Mostly, the ITCZ remained near the Equator, but it may have migrated slightly to the north in response to strong summer heating on Laurentia, Baltica, and possibly Kazakhstania. This tendency would have been strongest along the eastern margins of tropical continents, where anticyclonic circulation around subtropical highs pulled warm, moisture-laden air northwestward from equatorial oceans. Subtropical high pressure probably spread onto Gondwana, particularly the Australian and Antarctic sectors. A pressure ridge may have merged with these subtropical highs to form a massive cold cell penetrating to higher latitudes over the continental interior of Gondwana. Low-pressure systems over Gondwana’s midlatitude shelf were not unlike the Aleutian and Icelandic lows of today.

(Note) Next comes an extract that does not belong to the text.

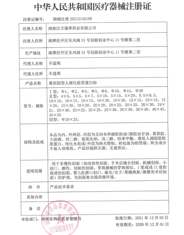 澀岡重組Ⅲ型人源化膠原蛋白貼用于非慢性創(chuàng)面(如淺表性創(chuàng)面、手術后縫合創(chuàng)面、機械創(chuàng)傷、小創(chuàng)口、擦傷、切割傷創(chuàng)面、穿刺器械的穿刺部位、I度或淺II度的燒燙傷創(chuàng)面、嬰兒肚臍口創(chuàng)口、激光/光子/果酸換膚/微整形術后創(chuàng)面)的護理,為創(chuàng)面愈合提供微環(huán)境。
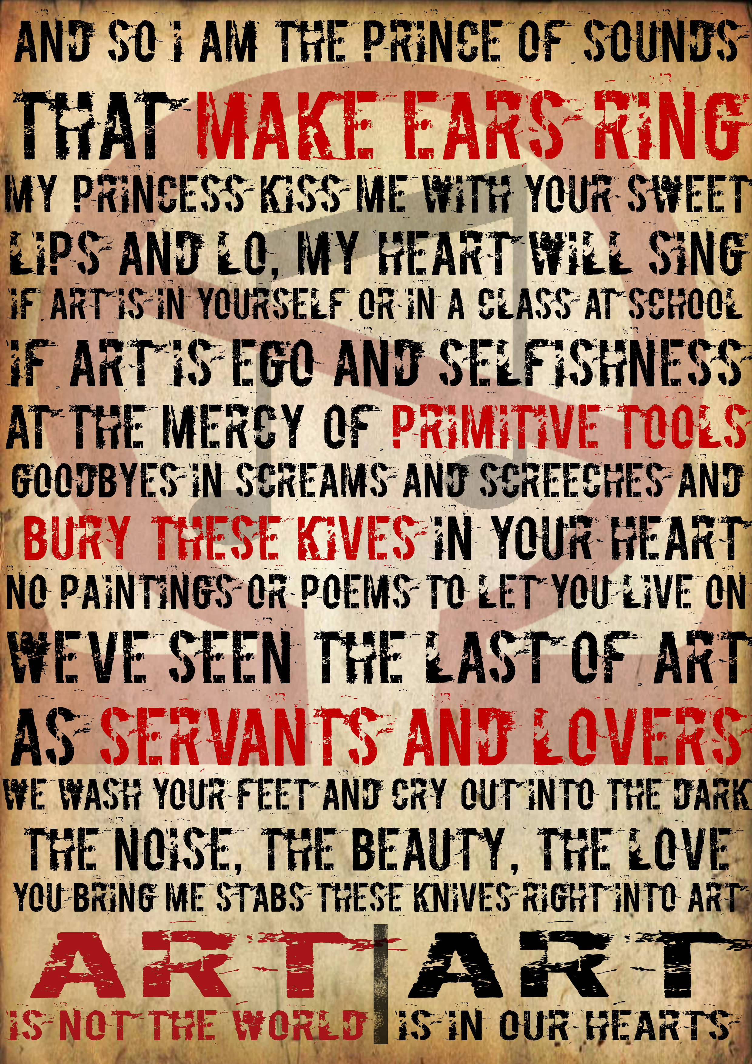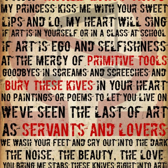 The first is a typographic poster using lyrics from Showbread’s “Stabbing Art to Death” (song included at the bottom).

Pressure systems should have moved somewhat southward during the Northern Hemispheric winter—particularly the ITCZ, which generally follows the region of maximum heating to the Southern Hemisphere during this season. A low-pressure system between Laurentia and Baltica is consistent with the erosion of thick clastic rocks (sedimentary rock composed of fragments of older rocks) derived from the Taconic and Caledonian highlands. The most significant seasonal variation surely occurred in the eastern Australian and Antarctic sectors of Gondwana, where summer heating abolished winter high-pressure cells and pulled the ITCZ more poleward. This is comparable to today’s monsoons, which pull the ITCZ in the opposite direction over the subcontinent of India during the Northern Hemispheric summer. Subtropical highs intensified over the ocean waters of the Southern Hemisphere and probably insulated the arid climate of Western Australia.
Oceanic anoxia
The broadly flooded shelf of Gondwana had a circumference of at least 28,000 km (17,400 miles), most of which sat in the belt of persistent westerly winds. This had the effect of producing intense surface upwelling of oceanic waters along the margins of the supercontinent and significantly boosting biological productivity. After the organisms living in these waters died, their remains sank into a bottom layer of water characterized by low levels of dissolved oxygen. This dearth of oxygen (anoxia) significantly decelerated the decomposition process, thereby providing the right conditions for the development of black shales. Today, black shale deposits are widespread around the perimeter areas of the former supercontinent, as evidenced by the rich source rocks yielding concentrations of Silurian oil in present-day Algeria and Saudi Arabia.